Или про Якута знаешь? Сразу после премьеры «Калигулы» умирает актер Всеволод Якут. Он успел поднять бокал шампанского, пожелать всем счастья, пошел к служебному входу, но прямо в кулисах упал и умер. У меня истерика. Я бился головой об стенку. Прошло сорок дней, потом полгода. Я помню, как пытался говорить со своими актерами, и Лев Борисов сказал: «Что ты, даже не подходи ко мне, он же туда потащит. После Якута играть бессмысленно». А мудрые старики сказали: «Подожди. В театральном мире все наоборот». И действительно, через полгода сами актеры собрались, почитали пьесу и более молодой, спортивный Саша Пашутин ввелся в «Калигулу». Спектакль идет уже одиннадцать лет.

— Все говорят, что на репетиции у тебя полная разболтанность, все пьют пиво, кофе. Что за антитеатр?

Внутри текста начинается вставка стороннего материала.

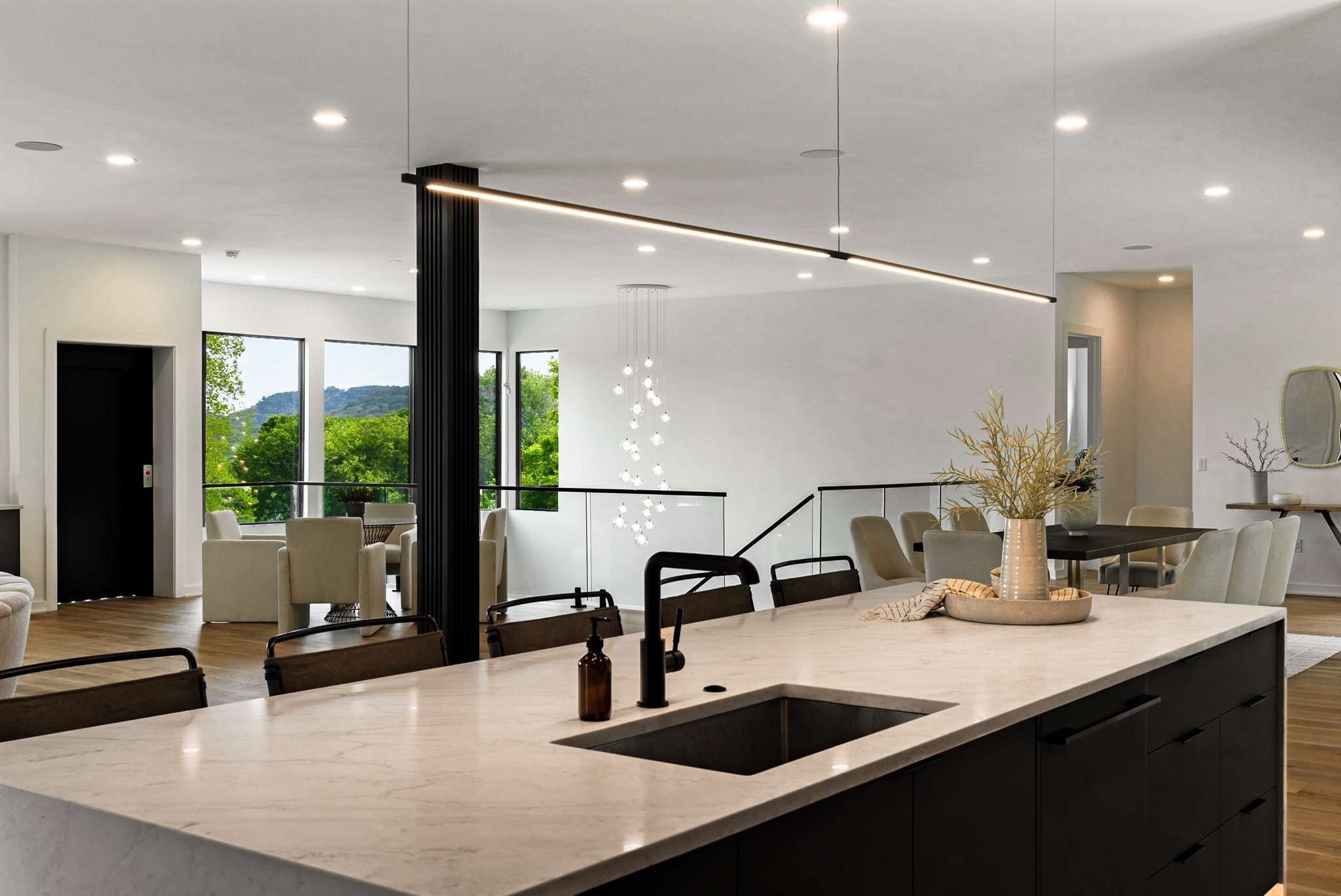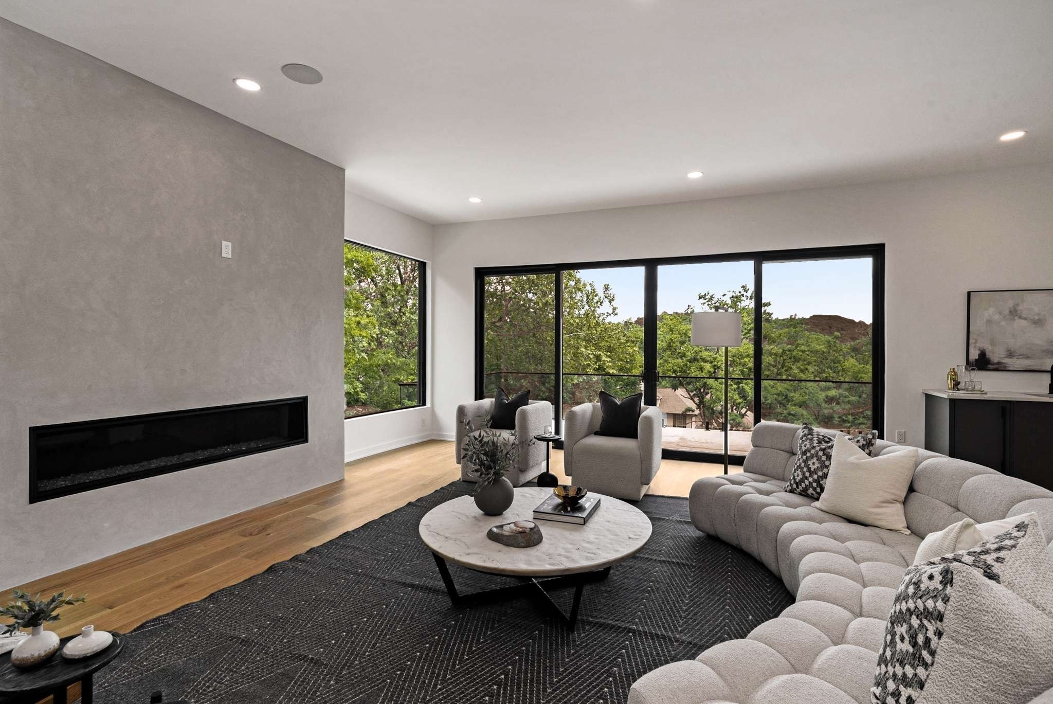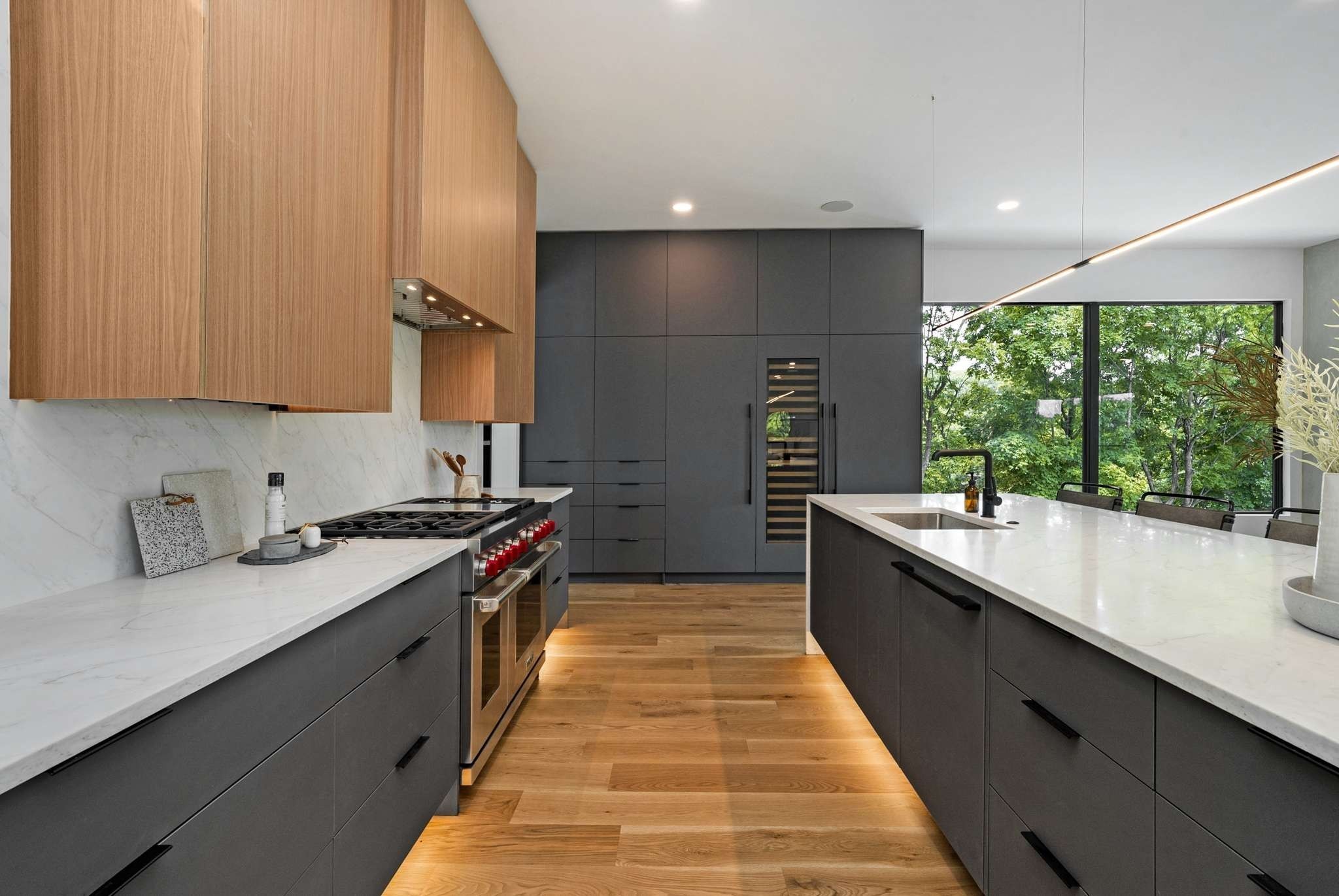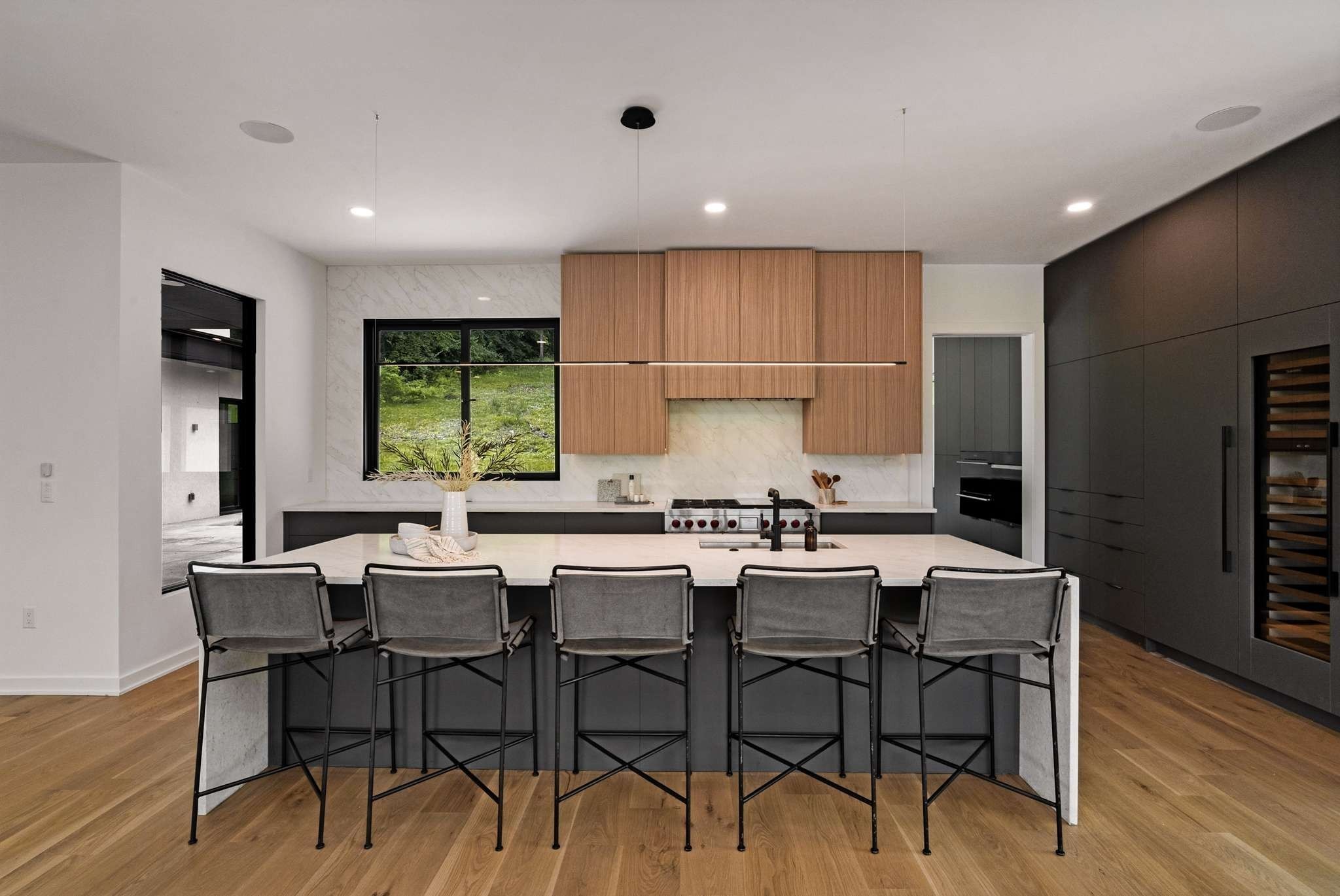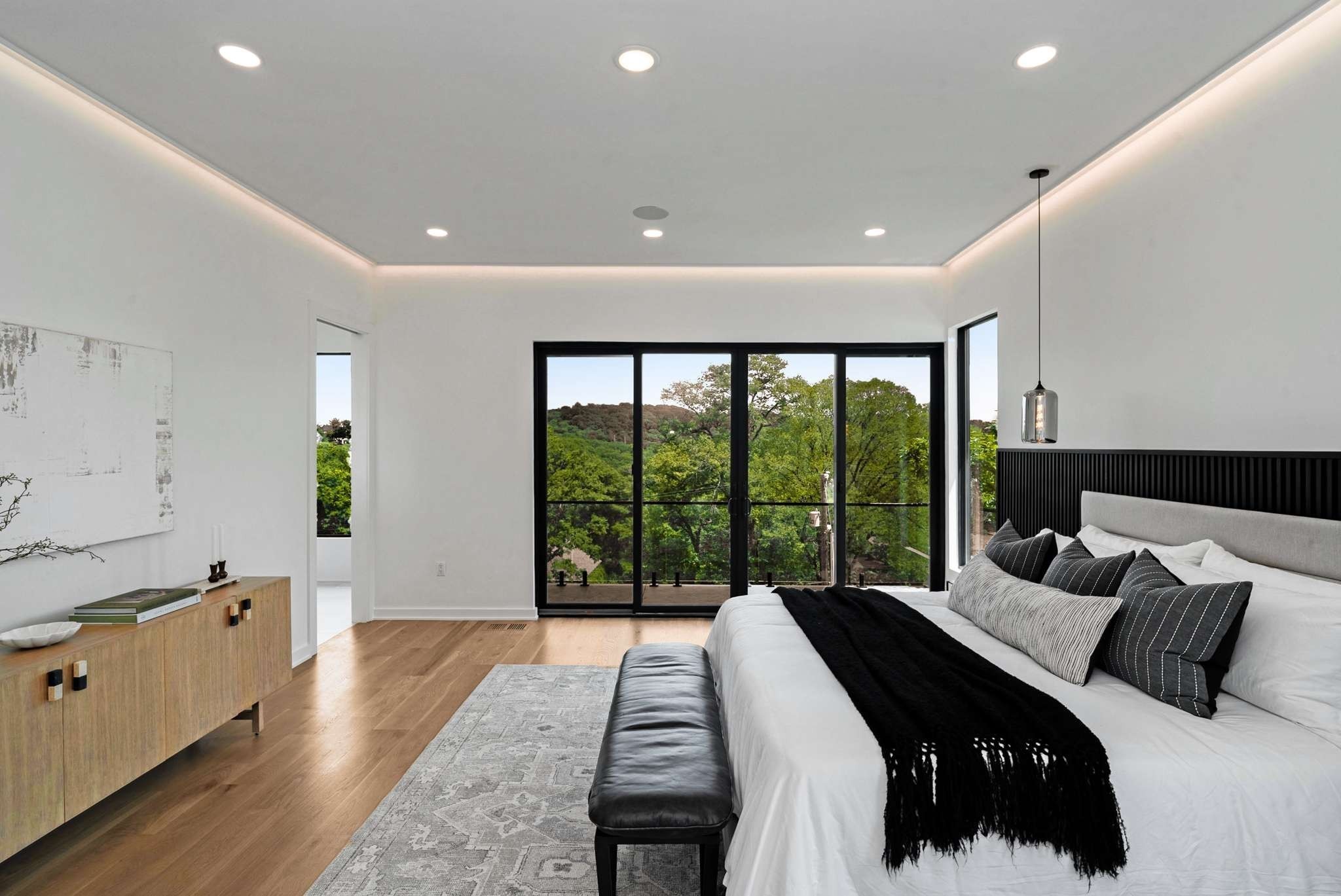 Exquisite MODERN MANSION designed by the award-winning Ryan Thewes, and tucked into the rolling hills of Belle Meade on 1.64 acres. This rare offering is located on one of the largest and most private lots in the area. Expansive living with over 8500 square feet including 5 bedrooms and 9 bathrooms (6 full baths, 3 half baths). Impressive two-story foyer with custom monotube staircase. One of a kind Quartzite entry wall with LED back-lighting feature and entry wall LED lighting. Glass-paneled elevator for with views of the Tennessee hills and the two-story foyer as you ride up that features commercial elevator motorized doors and two sides open to views. Smart control lighting and whole-house audio. Conference-sized office just off the entry. Palatial main floor living drenched in natural light and sweeping hillside views featuring a 72" linear fireplace with modern stucco surround. Primary suite with hillside views from the bedroom and soaking tub. Indoor-outdoor "pool house" wing of the house is a must see with pool bath, storage and pool laundry. Nashville Modern Cabinetry acrylic and custom wood cabinets, WOLF and SUB-ZERO appliances including modern cabinet-front refrigerator, freezer and wine column. Walk-in pantry / skullery with a door out to the patio. Theater room / TV room with wet bar. INCREDIBLE 680 feet square feet of FINISHED FLEX space for a large home gym, full recording studio, golf simulator lounge or wine tasting suite with wine cellar - phenomenal opportunities for customization. Oversized three car garage with three 10' wide doors and additional space for motorcycles, toys and more. Back on the market! Recent appraisal just over $6.4M - MASSIVE price reduction! Buy now with OVER $2M of equity!!!

— Мой афоризм — репетировать надо легко, а вот играть — мучиться. Актер даже самый трагический кусок будет играть легко, если у него от репетиций осталось ощущение легкости. Я действительно никогда не кричу, исключено, чтобы я в кого-то бросил пепельницу. Я разрешаю курить, пить пиво. Да, это непедагогично, но я не ругаюсь, когда артист опаздывает — понимаю, что он торчал в пробке. Я беру этого человека за ручку и говорю: «Старик, вот тебе еще пятнадцать минут, иди спокойно в буфет, выпей кофе». «Я так мчался!», задыхается он. — «Не волнуйся, иди». Я повторяю актерам: «Сидите в пробке и не мучайтесь». Это такой наш взаимный расчет. Здоровье актера — это капитал режиссера. У меня на репетициях, например, завязываются романы, и я считаю, что в театре партнеры прежде всего должны доверять друг другу. И если в процессе у них что-то еще и возникло, — пожалуйста, тогда они будут еще более искренни на сцене. В каждом спектакле должны быть свои тайны, романы. Чем здоровее театр, тем больше романов и эротики.